There are only two hard things in Computer Science: cache invalidation and naming things.

If you’ve done any kind of difficult programming, you know why naming is hard. But what about cache invalidation? No one seems to explain why this is hard in a straightforward way.

So, what follows is my reason.

I find cache invalidation difficult because oftentimes the data I am caching can be updated within the application from many different sources, and it’s easy to forget what pieces of cached data need to be invalidated when updates from a seemingly disparate place happen.

For example, suppose I cache a UserProfile object that I originally pulled from a single SQL query and hydrate into the object.
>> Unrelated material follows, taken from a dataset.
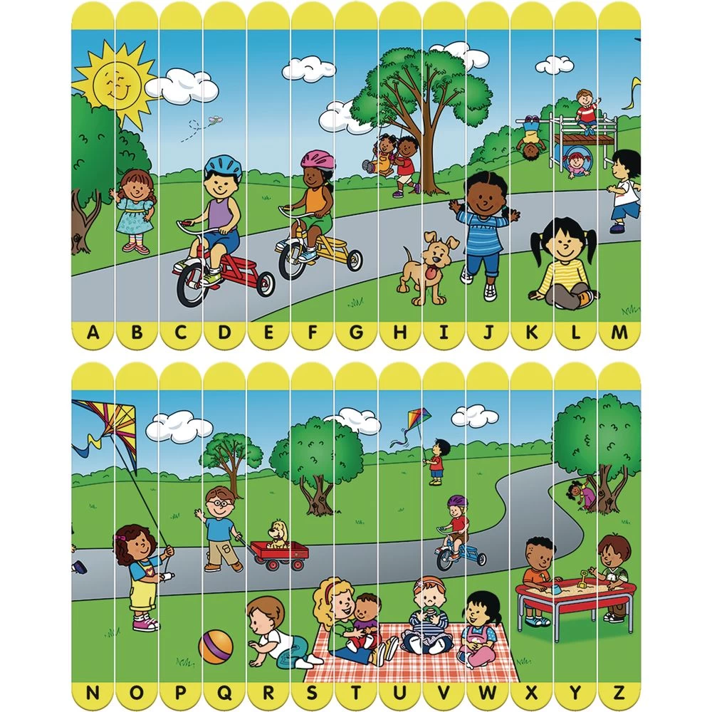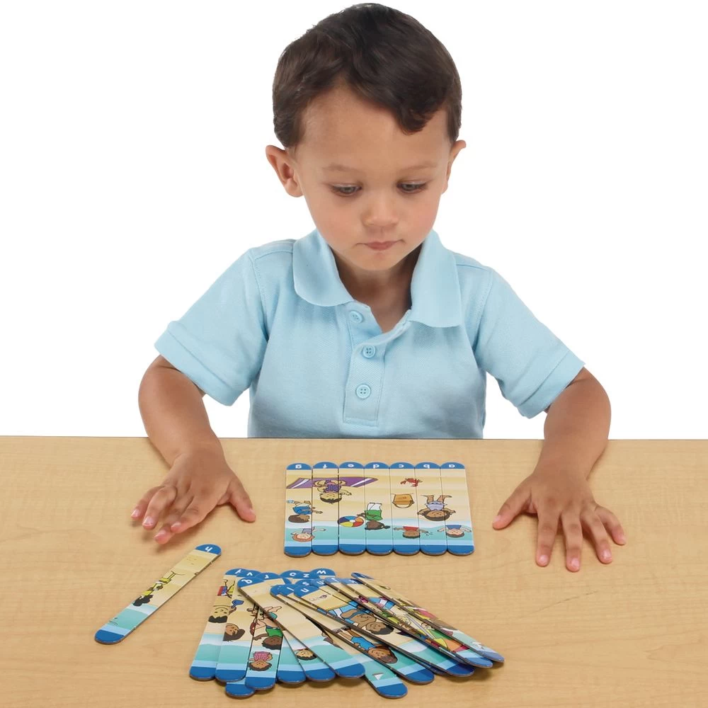 Little ones will love learning their ABCs with these two adorable puzzles. They place the letter sticks in alphabetical order; when the puzzle is finished, it will reveal an appealing scene that allows students to self-check their work. Includes one set of uppercase letters and one set of lowercase.

The UserProfile contains say, the name, email, and number of projects assigned to the user (via joining on a project memberships table and getting a COUNT).

The key for that object might be something like UserProfile-{UserID}.

Now, every time there’s a case where any of those values might change, I need to invalidate that cache key.

For name and email, this is pretty straightforward. The user updates their name or email, I invalidate that record. But what about the “number of projects assigned” bit? Here are some of the events that require me to invalidate that record:

  1. When an admin adds the user to a project.
  2. When an admin removes that user from a project.
  3. When that project is archived or deleted.
  4. When that project is reactivated (if it was archived).

#1 and #2 are again fairly straightforward as at the place that happens, you have the users ID at hand, but #3 and #4 need a bit more work. When the project’s accessibility changes, I would also have to grab all the current members of those projects and then invalidate each user’s cached profile since all of their “number of projects assigned” values have been downgraded or upgraded.

You can extrapolate this problem to far more complex objects that have even more data entangled in other areas of the app and see that the amount of work you have to do to ensure valid cached records gets rapidly more complex.

The antidote may be to cache more simple record types. But then again, usually the more complex a record is to manifest from its data sources, the more beneficial a cached record is to the system.

The art of it all is deciding what makes sense enough to cache regularly — data that doesn’t change often, that has a meaningful performance hit to the system when accessed directly, and that isn’t a pain to invalidate (especially as the system grows in functionality).

It’s hard to foresee the last bit, so as systems grow, the chance for invalid cached data grows too.

This is why invalidating cached data gets hard.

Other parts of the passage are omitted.